What lessons can be drawn from the existing efforts to make government administrative data available to researchers? In what ways are those efforts applicable to third party, private sector data such as micro level social media data, mobile phone data? And in what ways do social media and similar data pose distinctive challengesThis work draws heavily on conversations and collaborations with Frauke Kreuter, Rayid Ghani, Clayton Hunter, Brian Granger, Stefan Bender, Christian Hirsch, Hendrik Doll, Stu Feldman, Drew Gordon, Jonathon Morgan, Ekaterina Levitskaya, Daniel Castellani, Rafael Alves, Ophir Frieder, Jordan Boyd Graber, Evgeny Klochikhin, Christian Herzog, Ian Mulvaney, Alan Maloney, Daniel Hook. It has been supported by the generosity of Eric and Wendy Schmidt by recommendation of the Schmidt Futures program, the Alfred P. Sloan Foundation, the Overdeck Family Foundation, the Laura and John Arnold Foundation, and the Bill and Melinda Gates Foundation.
We have learned a great deal about what works and what doesn’t in terms of sharing government administrative data (Reamer and Lane 2017). In this paper I argue that we have learned that a successful system has to be designed with both value and sustainability at its core. I argue that much can be learned from studying data driven companies in the private sector—Google, Amazon, Facebook and Apple – which derive their market power from collecting, curating and using massive amounts of data to produce products in demand and hiring the best and brightest staff to do so (Galloway 2017).

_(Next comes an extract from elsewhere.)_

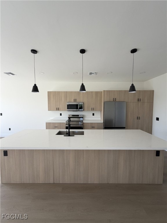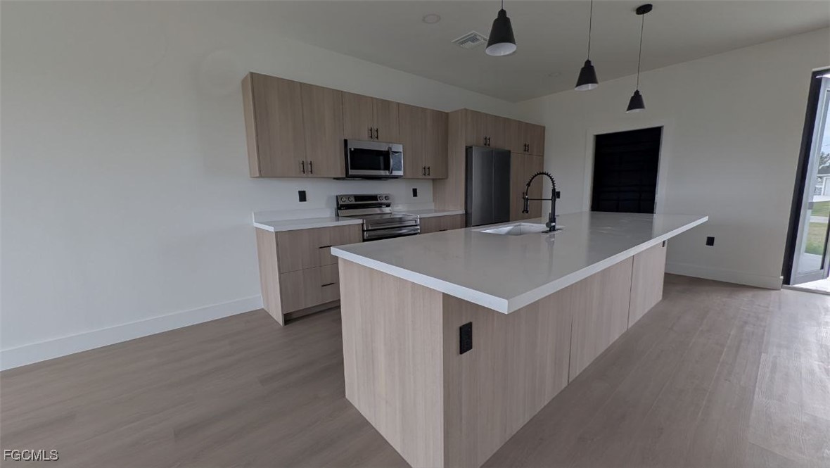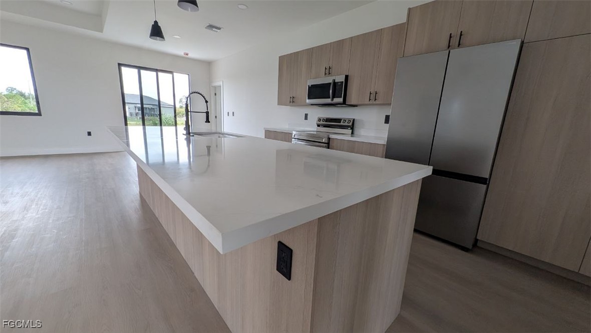 Welcome to your new home in LaBelle, FL! This modern and stunning residence has been thoughtfully designed with both comfort and style in mind. Featuring 3 bed/ 2 baths, this beauty offers 1,491 sqft of living space and a total area of 2,092 sqft. Step inside and be greeted by soaring ceilings and recessed lighting that create a bright, airy atmosphere, making every room feel spacious and inviting. The chef-inspired kitchen is the heart of the home, showcasing elegant quartz countertops and energy-efficient stainless-steel appliances—a perfect blend of sophistication and sustainability.

Successful efforts have created value at the local, regional and state level by making full use of the massive computing power, statistics and human and artificial intelligence now available. They are also characterized by the creation of new products developed as a result of the interaction of the people who will use the data, researchers, and analysts (Trewin et al. 2007; Lane 2007). These are canonical principles, and should not differ, regardless of the type of data that are used. Any system should be demand driven—build on the needs of data to serve people and communities—interacting with researchers who generate the ideas. The curation and use of social media and other data is more challenging than administrative records; automation should be at the core of any design.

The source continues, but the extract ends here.